JPMorgan argues that there is no genuine issue as to any material fact regarding McPhaden's liability under the loan documents. Further, the special defenses claimed by McPhaden are not applicable to the underlying action as these claims do not apply to JPMorgan. Specifically, McPhaden's claims against JPMorgan are barred by the Financial Institutions Reform Recovery and Enforcement Act (FIRREA), 12 U.S.C. 1821(d), and alternatively, the borrower's claims are barred under the purchase and assumption agreement (PA Agreement) from the Federal Deposit Insurance Corporation (FDIC) as receiver for WaMu to JPMorgan. In support of its motion for summary judgment, JPMorgan submits the affidavit of Margaret Dalton, Vice President of JPMorgan, which has the following exhibits attached: the note, the mortgage, the notice of default, and the PA Agreement.

MePhaden argues that JPMorgan conflates "special defenses" and "claims" to improperly bring McPhaden's defenses under FIRREA, and that FIRREA does not bar McPhaden's special defenses. McPhaden further argues that the PA Agreement does not control special defenses; and that it does not relieve JPMorgan of borrower's special defenses. Additionally, McPhaden argues that the FDIC transferred all liability connected to the servicing of loans to JPMorgan. Finally, borrowers should not be deprived of their right to proffer a defense in foreclosure, and further the fraudulent conduct of WaMu precludes summary judgment on the special defense of a violation of CUTPA. In support of its opposition, McPhaden submits an affidavit by himself, which has the construction loan agreement attached as an exhibit.

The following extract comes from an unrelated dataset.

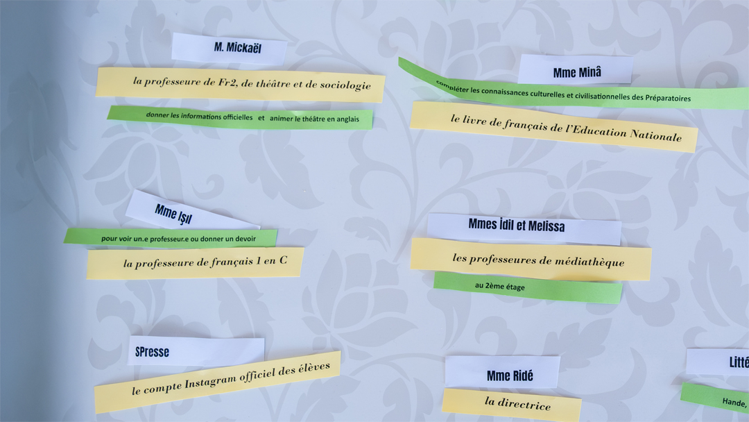 Nous apprendre beaucoup de nouveaux mots à Büyükada. Nous faisons des groupes et joué à des jeux. Avec ces jeux, nous pratiquons des matières comme les sciences, les mathématiques, le français et l’anglais. Le français est nouveau pour nous, alors un peu difficile. Par exemple “orphelinat”, ”église”, “forêt”, “écureuil”, “lion”, “jardin”, “panneau” sont des nouveaux mots.

"[B]efore a document may be considered by the court [in connection with] a motion for summary judgment, there must be a preliminary showing of [the document's] genuineness, i.e., that the proffered item of evidence is what its proponent claims it to be. The requirement of authentication applies to all types of evidence, including writings . . . Documents in support of or in opposition to a motion for summary judgment may be authenticated in a variety of ways, including, but not limited to, a certified copy of a document or the addition of an affidavit by a person with personal knowledge that the offered evidence is a true and accurate representation of what its proponent claims it to be." (Citation omitted; internal quotation marks omitted.) Gianetti v. Anthem Blue Cross Blue Shield of Connecticut, 111 Conn.App. 68, 73, 957 A.2d 541 (2008), cert. denied, 290 Conn. 915, 965 A.2d 553 (2009). In the present case, all of the documents submitted by JPMorgan as well as McPhaden are properly authenticated by respective affidavits. Further, because the parties fail to object to any of the evidence presented, any objection is deemed waived and the documents are admissible within the court's discretion. Barlow v. Palmer, 96 Conn.App. 88, 92, 898 A.2d 835 (2006).

FIRREA, Pub.L. No. 101-73, 103 Stat. 183 (August 9, 1989), was enacted by Congress in 1989 "to prevent the collapse of the industry, to attack the causes of the crisis, and to restore public confidence." Anderson v. United States, 344 F.3d 1343, 1346 (2003). "The primary purposes of [FIRREA] are to provide affordable housing mortgage finance and housing opportunities for low-and moderate-income individuals through enhanced management of federal housing credit programs and resources; establish organizations and procedures to obtain and administer the necessary funding to resolve failed thrift cases and to dispose of the assets of these institutions; establish a distinction between the regulatory and insurance functions of the thrift industry by (1) ensuring a well capitalized and independent thrift insurance fund, (2) enhancing thrift industry regulation by providing for stronger supervisory oversight of the industry under the Department of Treasury; establish stronger capital standards for thrifts; and, enhance the regulatory enforcement powers of the depository institution regulatory agencies to protect against fraud, waste and insider abuse." H.R. Conf. Rep. No. 101-54(I), at 307-08 (1989), reprinted in 1989 U.S.C.C.A.N. 86, 103-04.

The relevant sections that are codified in 12 USC § 1821, are Title II, §§ 202(a)(1), (b), 211-14, and Title IX, Subtitle A, § 909. The subsection at issue in the present case is 12 USC § 1821(d)(13)(D) and states: "Limitation on judicial review — Except as otherwise provided in this subsection, no court shall have jurisdiction over — (I) any claim or action for payment from, or any action seeking a determination of rights with respect to, the assets of any depository institution for which the Corporation has been appointed receiver, including assets which the Corporation may acquire from itself as such receiver; or (ii) any claim relating to any act or omission of such institution or the Corporation as receiver." (Emphasis added.) Id.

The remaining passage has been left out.